PDA

View Full Version : How to get around limitations of glslang on Radeon 9700



djharr
03-12-2004, 01:13 PM
I am trying to write a shader for the Radeon 9700 using glslang, but I am continually running into a problem where the shader runs in software because I have exceeded the number of available ALU instructions. What are some ways of breaking the thing up into smaller pieces? If you create a couple of modules and compile them separately, then link them and call the functions from main, does that allow you to have a slightly bigger program? I would go ahead and write this in a couple of passes, but I have no place to store the intermediate calculation values, and I would hate to have to go to all the trouble of initializing another float pbuffer to hold the intermediates. I just spent a bunch of time getting a double buffered pbuffer working so I could avoid the speed hit of a context switch, and I would really like to avoid using another buffer. I suppose if I could get my pbuffer to have three or more buffers, that might work, but I have never seen any code that actually works with that.

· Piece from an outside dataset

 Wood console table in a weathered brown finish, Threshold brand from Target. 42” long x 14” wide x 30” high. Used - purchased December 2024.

In any case, any pointers would be highly appreciated.

David

V-man
03-13-2004, 09:04 AM
Update your driver often and maybe you'll get lucky http://www.opengl.org/discussion_boards/ubb/smile.gif

I wrote a simple program and I exceeded the number of temporaries. I tried to rearrange a long equation I had but still no dice.

The native # of temps is suppose to be 32 for FP, and I think it should not had exceeded this.

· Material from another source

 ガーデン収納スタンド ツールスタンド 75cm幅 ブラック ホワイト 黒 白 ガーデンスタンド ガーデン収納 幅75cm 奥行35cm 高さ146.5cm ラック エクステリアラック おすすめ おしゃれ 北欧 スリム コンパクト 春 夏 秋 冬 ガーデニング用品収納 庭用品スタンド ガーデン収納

Exceeding the max ALU number is easy on Radeon (for FP). It's 64 only.

Pierre B.
03-22-2004, 02:45 PM
you can try to use Ashli; it is compiler from ATI which allows to virtualize ressources like register usage or number of instructions.

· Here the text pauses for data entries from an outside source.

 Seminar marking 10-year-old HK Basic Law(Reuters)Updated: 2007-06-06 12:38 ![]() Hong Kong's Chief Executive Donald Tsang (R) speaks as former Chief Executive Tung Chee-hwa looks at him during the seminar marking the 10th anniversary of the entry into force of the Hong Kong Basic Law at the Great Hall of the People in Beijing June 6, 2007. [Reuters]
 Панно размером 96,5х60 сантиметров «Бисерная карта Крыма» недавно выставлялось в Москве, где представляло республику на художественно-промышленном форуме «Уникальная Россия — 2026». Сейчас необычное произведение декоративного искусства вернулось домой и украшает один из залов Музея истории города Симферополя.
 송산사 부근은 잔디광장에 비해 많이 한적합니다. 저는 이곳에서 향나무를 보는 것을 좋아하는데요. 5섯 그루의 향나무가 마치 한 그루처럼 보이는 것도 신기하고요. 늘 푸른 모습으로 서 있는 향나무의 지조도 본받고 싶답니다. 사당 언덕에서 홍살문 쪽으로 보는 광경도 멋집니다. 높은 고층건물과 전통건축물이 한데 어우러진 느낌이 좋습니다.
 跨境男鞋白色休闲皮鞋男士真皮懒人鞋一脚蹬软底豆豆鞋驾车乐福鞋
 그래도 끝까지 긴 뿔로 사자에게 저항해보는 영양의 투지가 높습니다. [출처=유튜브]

http://www.atitech.ca/developer/ashli.html

Pierre B.

djharr
03-22-2004, 03:57 PM
Yeah, I looked at Ashli. The problem is that I am writing to and from float pbuffers (doing numerical, rather than graphical calculations), and I didn't see any good way to impart that information to the program. When I tried to plug my fragment program in anyway, it crashed, hard. So, I am back to looking at about 7-8 passes, with using a lot of auxiliary buffers to hold intermediate results. Yuck.

David